The importance of accessible quality behavioral health services is gaining increased attention among millennials, Gen Z, and healthcare professionals. But historically, behavioral health has been considered less important than physical health, meaning it has also received less funding and support.

Recognizing the need for change, the federal government passed the Paul Wellstone and Pete Domenici Mental Health Parity and Addiction Equity Act of 2008 (the Parity Act), which mandates that behavioral and physical healthcare be treated equally.

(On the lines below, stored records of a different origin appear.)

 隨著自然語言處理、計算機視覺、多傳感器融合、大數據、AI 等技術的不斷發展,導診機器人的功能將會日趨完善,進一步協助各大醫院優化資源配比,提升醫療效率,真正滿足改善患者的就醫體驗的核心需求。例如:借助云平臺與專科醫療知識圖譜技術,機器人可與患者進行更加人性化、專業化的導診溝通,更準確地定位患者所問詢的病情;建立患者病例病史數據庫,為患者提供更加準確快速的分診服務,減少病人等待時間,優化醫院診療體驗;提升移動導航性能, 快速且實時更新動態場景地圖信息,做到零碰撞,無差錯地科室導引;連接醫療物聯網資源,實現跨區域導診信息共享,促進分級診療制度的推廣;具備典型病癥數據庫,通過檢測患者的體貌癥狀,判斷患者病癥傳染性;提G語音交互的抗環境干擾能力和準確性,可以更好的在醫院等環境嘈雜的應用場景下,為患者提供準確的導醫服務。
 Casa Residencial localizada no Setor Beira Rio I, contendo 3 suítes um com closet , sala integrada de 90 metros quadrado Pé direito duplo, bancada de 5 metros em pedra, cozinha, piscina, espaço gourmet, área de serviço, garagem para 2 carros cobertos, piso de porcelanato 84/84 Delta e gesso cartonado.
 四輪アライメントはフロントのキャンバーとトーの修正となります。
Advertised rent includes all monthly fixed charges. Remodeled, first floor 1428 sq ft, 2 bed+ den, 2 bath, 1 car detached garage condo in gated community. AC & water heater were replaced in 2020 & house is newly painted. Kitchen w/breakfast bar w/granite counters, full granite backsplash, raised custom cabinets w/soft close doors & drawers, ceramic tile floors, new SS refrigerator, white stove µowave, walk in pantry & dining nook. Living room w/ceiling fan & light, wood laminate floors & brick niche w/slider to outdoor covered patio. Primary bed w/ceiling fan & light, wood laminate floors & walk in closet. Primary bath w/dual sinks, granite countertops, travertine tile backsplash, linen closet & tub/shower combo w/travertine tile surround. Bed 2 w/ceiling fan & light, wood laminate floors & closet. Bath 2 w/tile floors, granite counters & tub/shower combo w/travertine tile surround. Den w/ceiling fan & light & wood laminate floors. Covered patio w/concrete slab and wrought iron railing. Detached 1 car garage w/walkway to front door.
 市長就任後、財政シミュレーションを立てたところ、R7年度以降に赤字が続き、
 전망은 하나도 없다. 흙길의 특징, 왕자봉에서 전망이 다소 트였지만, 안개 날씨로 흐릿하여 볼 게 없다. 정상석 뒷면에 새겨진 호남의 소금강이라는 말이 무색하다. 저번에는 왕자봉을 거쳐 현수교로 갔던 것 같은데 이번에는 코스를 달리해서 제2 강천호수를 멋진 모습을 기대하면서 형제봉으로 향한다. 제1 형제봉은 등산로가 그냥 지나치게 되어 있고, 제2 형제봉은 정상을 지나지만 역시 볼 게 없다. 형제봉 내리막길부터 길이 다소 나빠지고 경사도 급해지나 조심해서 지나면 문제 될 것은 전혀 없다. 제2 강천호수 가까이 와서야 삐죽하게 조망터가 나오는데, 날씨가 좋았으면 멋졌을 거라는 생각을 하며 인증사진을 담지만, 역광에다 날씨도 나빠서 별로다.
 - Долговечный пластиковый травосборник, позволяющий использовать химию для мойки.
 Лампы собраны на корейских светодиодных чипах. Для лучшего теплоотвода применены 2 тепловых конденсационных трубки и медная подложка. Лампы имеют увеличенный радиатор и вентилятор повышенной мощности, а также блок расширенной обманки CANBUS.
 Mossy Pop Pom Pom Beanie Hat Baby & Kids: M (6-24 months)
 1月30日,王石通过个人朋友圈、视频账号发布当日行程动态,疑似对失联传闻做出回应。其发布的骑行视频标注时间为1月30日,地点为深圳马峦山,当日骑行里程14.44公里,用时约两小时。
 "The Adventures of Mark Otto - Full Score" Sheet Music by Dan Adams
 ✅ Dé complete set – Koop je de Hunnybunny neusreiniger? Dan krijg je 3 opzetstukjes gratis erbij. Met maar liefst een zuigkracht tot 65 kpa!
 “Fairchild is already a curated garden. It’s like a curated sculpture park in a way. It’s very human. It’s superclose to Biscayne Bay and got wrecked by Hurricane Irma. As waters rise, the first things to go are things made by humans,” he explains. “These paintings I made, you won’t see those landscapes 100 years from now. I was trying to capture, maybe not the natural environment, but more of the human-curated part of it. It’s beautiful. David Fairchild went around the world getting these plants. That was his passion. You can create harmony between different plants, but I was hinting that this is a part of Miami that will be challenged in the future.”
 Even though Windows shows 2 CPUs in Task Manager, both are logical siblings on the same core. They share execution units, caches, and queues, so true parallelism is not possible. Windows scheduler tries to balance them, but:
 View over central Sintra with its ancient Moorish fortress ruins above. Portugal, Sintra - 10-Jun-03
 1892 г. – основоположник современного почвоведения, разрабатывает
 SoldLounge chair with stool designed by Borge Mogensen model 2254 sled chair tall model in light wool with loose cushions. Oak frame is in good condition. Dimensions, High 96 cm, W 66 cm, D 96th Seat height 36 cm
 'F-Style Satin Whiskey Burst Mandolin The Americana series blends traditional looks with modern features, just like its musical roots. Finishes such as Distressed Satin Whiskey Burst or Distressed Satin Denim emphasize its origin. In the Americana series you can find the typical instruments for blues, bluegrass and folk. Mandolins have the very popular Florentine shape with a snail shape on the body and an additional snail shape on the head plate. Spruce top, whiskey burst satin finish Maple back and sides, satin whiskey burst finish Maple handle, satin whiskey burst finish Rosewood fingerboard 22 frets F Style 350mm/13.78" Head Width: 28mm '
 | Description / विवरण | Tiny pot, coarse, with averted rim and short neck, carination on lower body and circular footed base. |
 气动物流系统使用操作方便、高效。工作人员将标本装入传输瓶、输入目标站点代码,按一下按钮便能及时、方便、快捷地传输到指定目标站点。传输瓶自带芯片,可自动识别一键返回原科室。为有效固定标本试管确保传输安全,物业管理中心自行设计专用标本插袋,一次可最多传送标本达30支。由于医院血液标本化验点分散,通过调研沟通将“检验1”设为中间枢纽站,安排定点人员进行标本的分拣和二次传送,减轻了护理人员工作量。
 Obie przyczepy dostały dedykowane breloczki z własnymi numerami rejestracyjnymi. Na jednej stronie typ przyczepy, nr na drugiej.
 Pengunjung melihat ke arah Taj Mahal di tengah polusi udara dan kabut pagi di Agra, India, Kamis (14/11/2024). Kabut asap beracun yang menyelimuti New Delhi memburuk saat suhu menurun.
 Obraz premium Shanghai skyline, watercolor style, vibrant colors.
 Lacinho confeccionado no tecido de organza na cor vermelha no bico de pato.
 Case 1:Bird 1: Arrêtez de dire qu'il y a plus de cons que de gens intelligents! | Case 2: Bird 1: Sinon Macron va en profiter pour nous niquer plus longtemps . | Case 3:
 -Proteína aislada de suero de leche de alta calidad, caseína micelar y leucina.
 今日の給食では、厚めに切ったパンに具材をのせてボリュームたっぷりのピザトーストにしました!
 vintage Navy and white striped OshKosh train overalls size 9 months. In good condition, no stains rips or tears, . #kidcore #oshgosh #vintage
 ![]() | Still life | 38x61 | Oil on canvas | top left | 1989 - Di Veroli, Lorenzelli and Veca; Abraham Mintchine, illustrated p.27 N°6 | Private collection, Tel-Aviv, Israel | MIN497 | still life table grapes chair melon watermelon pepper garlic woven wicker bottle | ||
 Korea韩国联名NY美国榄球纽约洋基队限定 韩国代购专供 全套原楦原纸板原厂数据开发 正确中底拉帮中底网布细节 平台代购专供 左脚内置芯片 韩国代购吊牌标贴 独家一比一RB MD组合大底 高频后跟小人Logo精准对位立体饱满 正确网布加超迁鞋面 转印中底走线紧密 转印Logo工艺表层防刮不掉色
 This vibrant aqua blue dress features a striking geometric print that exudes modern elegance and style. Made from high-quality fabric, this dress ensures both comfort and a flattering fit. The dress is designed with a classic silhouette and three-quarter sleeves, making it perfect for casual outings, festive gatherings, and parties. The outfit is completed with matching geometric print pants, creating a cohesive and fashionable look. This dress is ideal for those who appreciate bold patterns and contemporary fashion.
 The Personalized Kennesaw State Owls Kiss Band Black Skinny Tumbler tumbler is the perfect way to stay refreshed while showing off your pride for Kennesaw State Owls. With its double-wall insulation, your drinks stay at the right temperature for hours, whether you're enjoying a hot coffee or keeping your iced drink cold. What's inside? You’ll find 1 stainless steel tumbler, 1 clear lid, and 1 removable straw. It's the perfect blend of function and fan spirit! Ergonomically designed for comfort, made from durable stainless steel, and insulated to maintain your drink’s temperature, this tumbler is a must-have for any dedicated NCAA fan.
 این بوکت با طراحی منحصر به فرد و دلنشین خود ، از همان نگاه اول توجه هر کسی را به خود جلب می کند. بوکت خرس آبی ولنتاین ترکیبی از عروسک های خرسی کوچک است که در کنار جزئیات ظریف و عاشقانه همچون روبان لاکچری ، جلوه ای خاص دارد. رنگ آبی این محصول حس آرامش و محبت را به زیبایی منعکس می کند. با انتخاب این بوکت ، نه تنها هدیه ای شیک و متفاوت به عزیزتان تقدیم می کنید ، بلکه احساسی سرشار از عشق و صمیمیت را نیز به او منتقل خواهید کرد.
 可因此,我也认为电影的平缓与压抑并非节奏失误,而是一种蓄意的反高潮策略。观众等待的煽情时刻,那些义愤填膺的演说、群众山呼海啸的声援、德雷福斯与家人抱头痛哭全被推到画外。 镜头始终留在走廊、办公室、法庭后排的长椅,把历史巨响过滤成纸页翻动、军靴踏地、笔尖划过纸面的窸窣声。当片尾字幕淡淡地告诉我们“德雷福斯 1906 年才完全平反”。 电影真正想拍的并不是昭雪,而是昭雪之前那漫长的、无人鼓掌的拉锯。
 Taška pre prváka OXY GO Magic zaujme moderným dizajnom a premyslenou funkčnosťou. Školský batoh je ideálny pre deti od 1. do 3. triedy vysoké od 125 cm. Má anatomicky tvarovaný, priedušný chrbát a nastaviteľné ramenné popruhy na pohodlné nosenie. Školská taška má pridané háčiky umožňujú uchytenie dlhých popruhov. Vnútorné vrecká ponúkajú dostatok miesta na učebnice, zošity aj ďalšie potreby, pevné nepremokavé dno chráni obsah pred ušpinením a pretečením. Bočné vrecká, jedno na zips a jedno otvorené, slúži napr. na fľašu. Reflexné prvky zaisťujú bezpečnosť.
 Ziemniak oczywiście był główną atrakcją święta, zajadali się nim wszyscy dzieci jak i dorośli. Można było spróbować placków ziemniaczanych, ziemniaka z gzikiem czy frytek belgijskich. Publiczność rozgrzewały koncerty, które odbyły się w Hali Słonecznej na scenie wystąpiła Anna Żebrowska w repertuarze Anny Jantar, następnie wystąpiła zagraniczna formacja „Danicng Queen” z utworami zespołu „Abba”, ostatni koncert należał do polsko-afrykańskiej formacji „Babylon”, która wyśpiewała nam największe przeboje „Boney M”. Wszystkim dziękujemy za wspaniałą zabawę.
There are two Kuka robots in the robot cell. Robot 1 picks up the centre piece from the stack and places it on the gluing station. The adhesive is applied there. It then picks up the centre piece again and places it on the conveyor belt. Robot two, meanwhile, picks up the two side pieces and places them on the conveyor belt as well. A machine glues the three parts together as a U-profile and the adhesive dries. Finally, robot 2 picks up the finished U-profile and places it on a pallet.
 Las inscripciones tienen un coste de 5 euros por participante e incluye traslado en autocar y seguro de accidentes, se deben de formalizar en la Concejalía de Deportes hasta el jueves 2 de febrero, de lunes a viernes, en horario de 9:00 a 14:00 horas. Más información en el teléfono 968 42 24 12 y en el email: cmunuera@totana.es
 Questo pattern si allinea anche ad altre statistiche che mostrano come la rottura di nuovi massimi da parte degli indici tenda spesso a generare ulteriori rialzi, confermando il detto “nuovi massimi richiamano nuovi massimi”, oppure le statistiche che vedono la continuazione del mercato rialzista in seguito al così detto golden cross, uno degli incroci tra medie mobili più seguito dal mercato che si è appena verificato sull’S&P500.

In practice, this requires insurance companies to amend coverage guidelines, which traditionally focused on physical health, to more fully include behavioral health. Recent cases are helping put the ideals of the Parity Act into practice by ruling against parties who continue to treat behavioral health and physical health disparately.

Last year, the Ninth Circuit clarified the full extent of "parity" in Danny P. v. Catholic Health Initiatives, 891 F.3d 1155 (9th Cir. 2018). In March 2019, the U.S. District Court in the Northern District of California added fuel to the flame in its 106-page ruling of the class action case Wit v. United Behavioral Health (UBH), which underscores the dangers of sacrificing quality behavioral healthcare for an insurance company's financial gain.

In Wit v. UBH, the plaintiffs asserted two claims against UBH under the Employee Retirement Income Security Act of 1974 (ERISA): breach of fiduciary duty and arbitrary and capricious denial of benefits.

Because the insurance plans at issue were ERISA-governed health benefit plans, they were subject to federal laws, including the Parity Act. The plaintiffs argued that UBH's Level of Care Guidelines and Coverage Determination Guidelines were fundamentally flawed because they fell short of the generally accepted behavioral health standards of care and based coverage decisions on financial concerns rather than on best practices.

The court agreed.

The court ruled the guidelines were tainted by UBH's financial department, which were significantly involved in their development. Additionally, the court ruled that the evidence showed the guidelines were used to mitigate the impact of the Parity Act.

8 behavioral care standards

Based on credible, objective evidence from multiple sources produced at trial, the court determined the eight following principles to be generally accepted standards of care among behavioral health professionals:

  • Effective treatment requires treatment of the individual's underlying condition and is not limited to alleviation of the individual's current systems.
  • Effective treatment requires treatment of co-occurring behavioral health disorders and/or medical conditions in a coordinated manner that considers the interactions of the disorders and conditions, and their implications for determining the appropriate level of care.
  • Patients should receive treatment for mental health and substance use disorders at the least intensive and restrictive level of care that is safe and effective.
  • When there is ambiguity as to the appropriate level of care, the practitioner should err on the side of caution by placing the patient in a higher level of care.
  • Effective treatment of mental health and substance use disorders includes services needed to maintain functioning or prevent deterioration.
  • The appropriate duration of treatment for behavioral health disorders is based on the individual needs of the patient. There is no specific limit on the duration of such treatment.
  • The unique needs of children and adolescents must be taken into account when making level of care decisions involving their treatment for mental health or substance use disorders.
  • The determination of the appropriate level of care for patients with mental health and/or substance use disorders should be made on the basis of a multidimensional assessment that takes into account a wide variety of information about the patient.

The court found UBH fell short of these standards. The court further stated that UBH based its coverage decisions for Transcranial Magnetic Stimulation, a treatment for major depressive disorder, and Applied Behavior Analysis, a treatment for autism spectrum disorder, based on how authorization of coverage would negatively affect UBH's bottom line.

5 lessons learned for providers and payers

The court's ruling contains several lessons for providers about their own practices and that of their patients' insurers:

  • Financial self-interest should never be a critical consideration as to whether or not to offer coverage.
  • Insurers should not give their finance department the equivalent of veto power over medical and patient care decisions.
  • Make sure you are meeting or exceeding the generally accepted standards of care in the behavioral health field, as public support for quality behavioral healthcare will continue to increase.
  • Know that courts are willing to enforce the quantitative and qualitative components of the Parity Act.
  • Be aware that level of care and coverage determination guidelines can form the basis for fiduciary duties between a covered member and his/her insurance company.

Supplying and encouraging quality patient care is an expected duty. It is not a responsibility that should be taken lightly and certainly one that should never be sacrificed on the altar of financial self-interest.